### Problem to work on
In the records below, find the line that contains "어떻게 해야 할까요?" and the line that contains "The Wolverines added". Set down exactly those lines and every line between them, and nothing more.

### Data shown

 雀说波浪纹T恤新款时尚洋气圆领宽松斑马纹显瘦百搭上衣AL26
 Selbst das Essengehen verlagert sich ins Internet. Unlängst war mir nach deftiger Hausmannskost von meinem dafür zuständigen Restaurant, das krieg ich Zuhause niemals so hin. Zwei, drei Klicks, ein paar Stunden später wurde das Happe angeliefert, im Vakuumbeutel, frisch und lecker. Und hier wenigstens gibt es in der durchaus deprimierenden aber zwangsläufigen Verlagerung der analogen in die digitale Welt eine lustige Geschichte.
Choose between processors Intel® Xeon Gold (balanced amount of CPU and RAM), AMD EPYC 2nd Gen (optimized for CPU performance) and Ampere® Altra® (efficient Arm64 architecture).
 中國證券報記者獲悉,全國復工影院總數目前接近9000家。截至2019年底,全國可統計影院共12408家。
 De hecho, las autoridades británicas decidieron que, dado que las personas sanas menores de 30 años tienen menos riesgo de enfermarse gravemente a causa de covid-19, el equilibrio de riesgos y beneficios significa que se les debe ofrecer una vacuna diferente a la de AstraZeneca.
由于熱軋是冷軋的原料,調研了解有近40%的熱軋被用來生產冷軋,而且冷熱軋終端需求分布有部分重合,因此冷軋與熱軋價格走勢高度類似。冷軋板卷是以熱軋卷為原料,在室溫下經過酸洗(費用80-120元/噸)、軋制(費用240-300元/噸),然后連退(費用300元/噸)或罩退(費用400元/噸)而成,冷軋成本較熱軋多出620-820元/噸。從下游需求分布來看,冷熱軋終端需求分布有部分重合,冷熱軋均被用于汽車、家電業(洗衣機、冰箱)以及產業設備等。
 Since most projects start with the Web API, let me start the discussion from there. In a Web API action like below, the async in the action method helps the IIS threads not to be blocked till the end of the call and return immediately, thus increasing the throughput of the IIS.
* * *
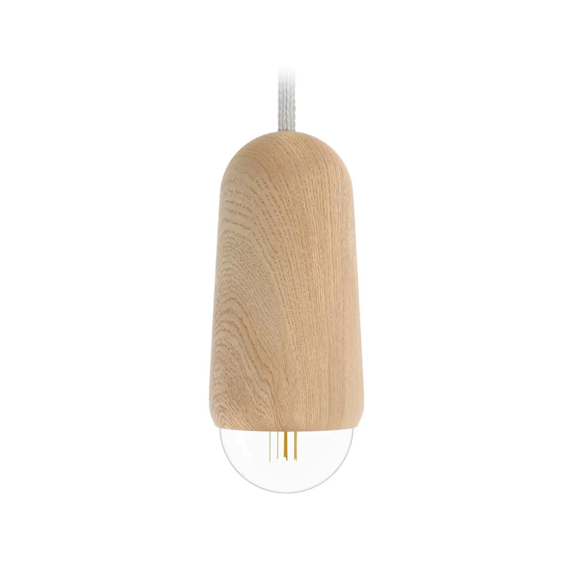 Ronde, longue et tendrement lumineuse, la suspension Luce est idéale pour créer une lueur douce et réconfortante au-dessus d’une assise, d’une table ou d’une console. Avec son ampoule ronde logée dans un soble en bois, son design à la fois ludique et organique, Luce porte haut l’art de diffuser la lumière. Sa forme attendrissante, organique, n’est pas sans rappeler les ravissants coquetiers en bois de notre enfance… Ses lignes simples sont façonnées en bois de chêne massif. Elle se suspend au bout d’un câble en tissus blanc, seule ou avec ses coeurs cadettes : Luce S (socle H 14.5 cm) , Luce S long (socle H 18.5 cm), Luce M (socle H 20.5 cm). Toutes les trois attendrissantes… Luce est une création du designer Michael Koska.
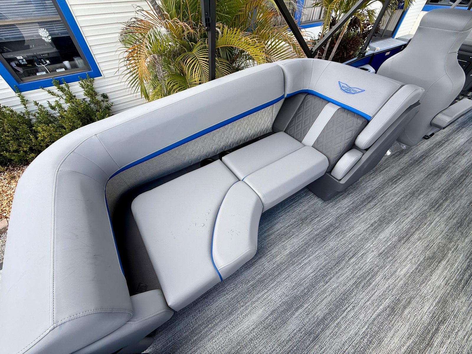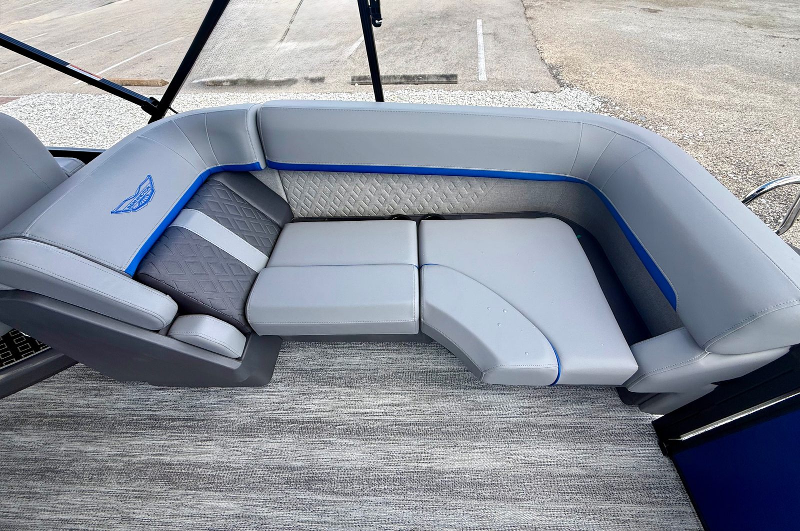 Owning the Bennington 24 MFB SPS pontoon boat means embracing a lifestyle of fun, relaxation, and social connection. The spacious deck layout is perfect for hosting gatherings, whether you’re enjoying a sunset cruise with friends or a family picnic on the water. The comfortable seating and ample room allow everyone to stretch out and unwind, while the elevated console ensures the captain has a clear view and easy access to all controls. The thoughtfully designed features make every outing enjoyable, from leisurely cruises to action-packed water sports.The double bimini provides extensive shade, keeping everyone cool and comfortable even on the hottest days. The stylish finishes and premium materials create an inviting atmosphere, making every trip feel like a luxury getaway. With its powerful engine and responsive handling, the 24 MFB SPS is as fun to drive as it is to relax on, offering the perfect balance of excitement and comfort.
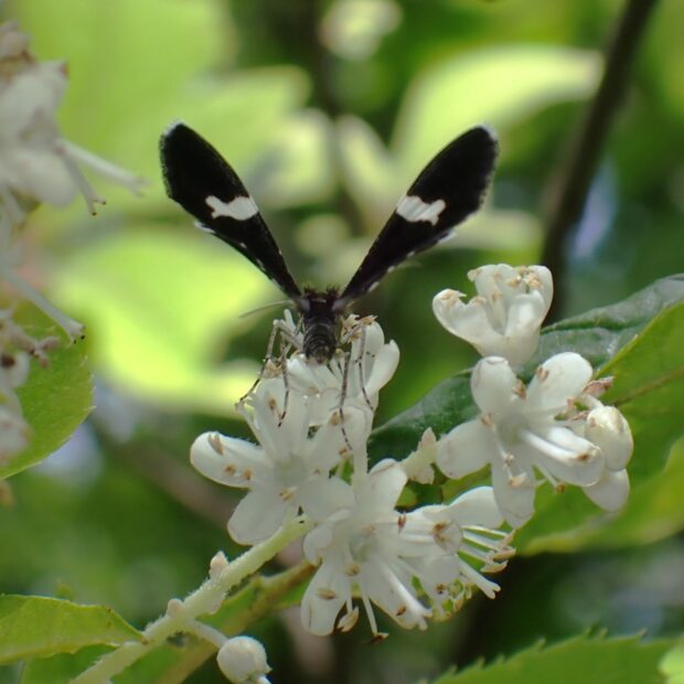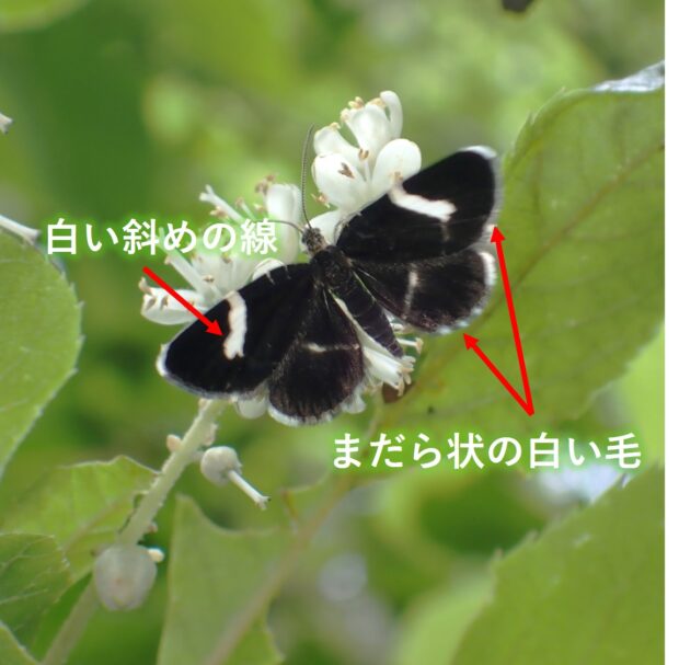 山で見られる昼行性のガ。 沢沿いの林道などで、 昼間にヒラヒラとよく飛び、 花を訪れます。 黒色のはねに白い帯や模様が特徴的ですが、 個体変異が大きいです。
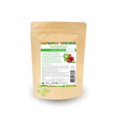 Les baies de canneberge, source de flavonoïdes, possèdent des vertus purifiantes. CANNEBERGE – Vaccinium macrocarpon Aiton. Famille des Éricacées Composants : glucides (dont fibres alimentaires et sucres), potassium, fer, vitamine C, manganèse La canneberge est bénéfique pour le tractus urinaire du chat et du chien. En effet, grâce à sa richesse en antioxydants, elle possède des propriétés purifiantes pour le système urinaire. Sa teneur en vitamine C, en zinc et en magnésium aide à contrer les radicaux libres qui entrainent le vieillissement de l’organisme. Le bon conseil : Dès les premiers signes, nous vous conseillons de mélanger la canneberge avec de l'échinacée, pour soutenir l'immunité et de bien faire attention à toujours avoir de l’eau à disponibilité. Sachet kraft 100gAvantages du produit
--
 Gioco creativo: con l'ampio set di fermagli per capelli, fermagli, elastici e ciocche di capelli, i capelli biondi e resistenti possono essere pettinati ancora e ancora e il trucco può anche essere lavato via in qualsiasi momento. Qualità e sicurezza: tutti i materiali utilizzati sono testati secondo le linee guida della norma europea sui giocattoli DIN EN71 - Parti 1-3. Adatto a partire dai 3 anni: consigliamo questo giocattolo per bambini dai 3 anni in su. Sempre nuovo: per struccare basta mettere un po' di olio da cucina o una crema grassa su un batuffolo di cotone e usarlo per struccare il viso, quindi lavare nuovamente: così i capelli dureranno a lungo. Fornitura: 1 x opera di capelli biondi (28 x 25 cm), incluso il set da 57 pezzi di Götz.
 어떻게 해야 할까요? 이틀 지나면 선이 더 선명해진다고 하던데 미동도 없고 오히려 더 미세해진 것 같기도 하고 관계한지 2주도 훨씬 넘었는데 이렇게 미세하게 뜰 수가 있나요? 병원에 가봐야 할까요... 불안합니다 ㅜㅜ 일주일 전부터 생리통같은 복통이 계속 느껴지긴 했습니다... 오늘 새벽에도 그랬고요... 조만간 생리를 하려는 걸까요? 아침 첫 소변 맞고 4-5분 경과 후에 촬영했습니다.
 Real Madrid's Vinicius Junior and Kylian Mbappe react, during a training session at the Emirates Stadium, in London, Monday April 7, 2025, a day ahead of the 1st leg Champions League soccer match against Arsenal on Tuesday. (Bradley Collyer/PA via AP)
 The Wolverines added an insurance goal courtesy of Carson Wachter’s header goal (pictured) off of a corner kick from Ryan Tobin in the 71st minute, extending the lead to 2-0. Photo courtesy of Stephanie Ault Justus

### Finished task
 어떻게 해야 할까요? 이틀 지나면 선이 더 선명해진다고 하던데 미동도 없고 오히려 더 미세해진 것 같기도 하고 관계한지 2주도 훨씬 넘었는데 이렇게 미세하게 뜰 수가 있나요? 병원에 가봐야 할까요... 불안합니다 ㅜㅜ 일주일 전부터 생리통같은 복통이 계속 느껴지긴 했습니다... 오늘 새벽에도 그랬고요... 조만간 생리를 하려는 걸까요? 아침 첫 소변 맞고 4-5분 경과 후에 촬영했습니다.
 Real Madrid's Vinicius Junior and Kylian Mbappe react, during a training session at the Emirates Stadium, in London, Monday April 7, 2025, a day ahead of the 1st leg Champions League soccer match against Arsenal on Tuesday. (Bradley Collyer/PA via AP)
 The Wolverines added an insurance goal courtesy of Carson Wachter’s header goal (pictured) off of a corner kick from Ryan Tobin in the 71st minute, extending the lead to 2-0. Photo courtesy of Stephanie Ault Justus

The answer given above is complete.